An agreement to open the Zangezur-Syunik Corridor without violating Armenian sovereignty would also need to be urgently reached. If achieved, the road and rail connection between Azerbaijan and its exclave of Nakhichevan, next to the Turkish border, could become a valuable trade route, directly connecting the Caspian Basin with Turkey and NATO territory. It would also diminish Iranian influence in the region and enhance the West’s links with Central Asia.

Meanwhile, the Armenian government, disillusioned by Moscow’s inability to defend its traditional ally, would need to remove the remaining Russian bases on its territory, and Russia’s “peacekeepers” would need to exit Karabakh as well. Russia’s presence there has always been a recipe for division, and it obstructs both countries from moving closer to Western institutions.

Moreover, such moves by Yerevan would likely encourage Georgia to reclaim its Russian-occupied territories. And as Moscow weakens, Tbilisi could offer a looser federal arrangement to the separatist regions of Abkhazia and South Ossetia, while also attracting North Ossetia and other North Caucasus republics to move out of the increasingly obsolete Russian Federation’s sphere of influence.

Economic development across the Caucasus region could then be boosted by the development of trade ties between Baku and Yerevan, full diplomatic relations between Armenia and Turkey, and the design of a new regional development agenda. For example, opening new energy pipelines between the Caspian Sea and Turkey would particularly assist all regional economies, with Armenia no longer excluded from transit. And as an expanding energy and trade hub with intensified links to Europe and the U.S., Azerbaijan could help enhance Armenia’s economic development.

Such stability and cooperation would also bolster capital inflow and Western investment as the region seeks to wean itself off Russia, while ensuring protection from China’s economic dominance at the same time.

After 30 years of instability, this historical crossroads between the Black and Caspian seas now has the chance to tighten its political and economic links with the transatlantic world. However, Western governments need to be involved in helping reintegrate displaced populations in both Azerbaijan and Armenia, providing humanitarian assistance, mediating any latent disputes over borders, minorities or resources, and developing NATO’s security connections with both countries.

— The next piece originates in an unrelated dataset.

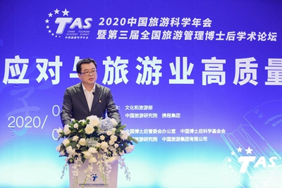 雒树刚部长做了开幕讲话。他指出,在新冠肺炎疫情防控形势持续向好、经济社会秩序逐步恢复的背景下,我们以视频会议形式举办2020年中国旅游科学年会,共同研究疫情应对和旅游业高质量发展,很务实也很必要。疫情发生后,文化和旅游部深入贯彻习近平总书记关于疫情防控重要指示精神,在疫情爆发后第一时间调整工作重心,有效防止了疫情经由旅游活动传播扩散,有力服务了疫情防控大局。针对旅游行业遭遇的困难,文化和旅游部积极协调相关部门,推出一系列针对性政策举措,帮助旅游业渡过难关。随着疫情防控形势好转,文化和旅游部深入学习贯彻习近平总书记关于统筹推进疫情防控和复工复产重要指示精神,帮助旅游业恢复发展。在此过程中,中国旅游协会等行业协会和广大旅游企业、中国旅游研究院等高校、科研机构等积极投入疫情抗击和行业振兴工作中。当前,在党中央坚强领导下,全国人民团结一致、顽强拼搏,在常态化疫情防控中经济社会运行逐步趋于正常,生产生活秩序加快恢复。但是,国际疫情仍呈快速扩散蔓延态势,输入性风险仍然较大,给我国疫情防控和经济发展带来新的挑战。我们要有信心、有定力,有化危为机的勇气,以更大的政策力度、更实的扶持举措来对冲疫情影响,推动旅游业高质量发展。当前,旅游科学研究要围绕“一个主题”“五个兼顾”来开展。“一个主题”就是紧紧围绕旅游业高质量发展这个主题。“五个兼顾”包括兼顾当前和长远、兼顾文化和旅游、兼顾理论和应用、兼顾国内和国际、兼顾人文和科技。今后,文化和旅游行政部门将一如既往地支持旅游研究、支持中国旅游科学年会,通过项目资助、课题委托、平台搭建等多种渠道对大家的研究给予资助,也希望专家学者继续研究文化和旅游工作,继续为旅游业应对疫情、恢复发展建言献策,为行业提供更多智力支持!

Ultimately, Russia and Iran — the two powers that thrive on regional conflict — will be the losers in the South Caucasus. And as Moscow forfeits its imperial possessions, becoming increasingly focused on internal turmoil in the North Caucasus, Azerbaijan will be able to campaign more effectively for the rights of its kindred population in Iran, which is estimated to be one-fourth of Iran’s total population.

Azerbaijan’s role as a regional stabilizer would also benefit U.S. interests, helping reduce the persistent threat of regional war,  isolating Iran from the Caucasus, undercutting the Moscow-Tehran axis that generates conflict in the Middle East, and providing an alternative to China’s economic penetration. But without Western involvement, it’s unlikely such a transformation could come to life.